- Theatrical release poster
- Directed by: Jack Bernhard
- Written by: Eugene Vale
- Produced by: Edward Leven
- Starring: Ella Raines Bruce Bennett Rita Johnson
- Cinematography: Paul Ivano
- Edited by: Christian Nyby
- Music by: Raoul Kraushaar
- Production companies: EJL Productions, Inc.
- Distributed by: Eagle-Lion Classics
- Release date: December 1, 1950;
- Running time: 77 minutes
- Country: United States
- Language: English

= The Second Face =

1950 film by Jack Bernhard

The Second Face is a 1950 romantic drama film directed by Jack Bernhard and starring Ella Raines as a plain woman whose life is drastically changed by plastic surgery.

==Plot==
Claire Elwood runs to her car and speeds away. Phyllis Holmes chases after her in her own car, but crashes into a truck. She is taken to the hospital, where her head is heavily bandaged. Insurance claims adjustor Mr. West visits her to find out what happened, but she refuses to talk to him. A flashback ensues.

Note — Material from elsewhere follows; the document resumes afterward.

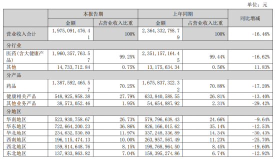 具体到产品,半年报中,仁和药业三大支柱均双位数下降。其中,药品营收降为13.88亿元,同比下滑17.2%;健康相关产品营收降为5.49亿元,同比下滑13.4%;其他业务产品营收降为0.39亿元,同比下滑29.42%。

Phyllis works as a secretary to Paul Curtis in Fresno, California. Paul is attracted to her, despite her plainness, but is afraid to risk another potentially disastrous marriage (he is divorced). Mrs. Lockridge, his longtime housekeeper, is unable to get him to change his mind. As Phyllis has just graduated from design school, Paul puts her in touch with Claire Elwood, who works in a fashionable Los Angeles dress shop; Claire's boss, Floyd Moran, is impressed by Phyllis's dress designs, and offers her a job as a salesperson, with a promotion to designer if she works out.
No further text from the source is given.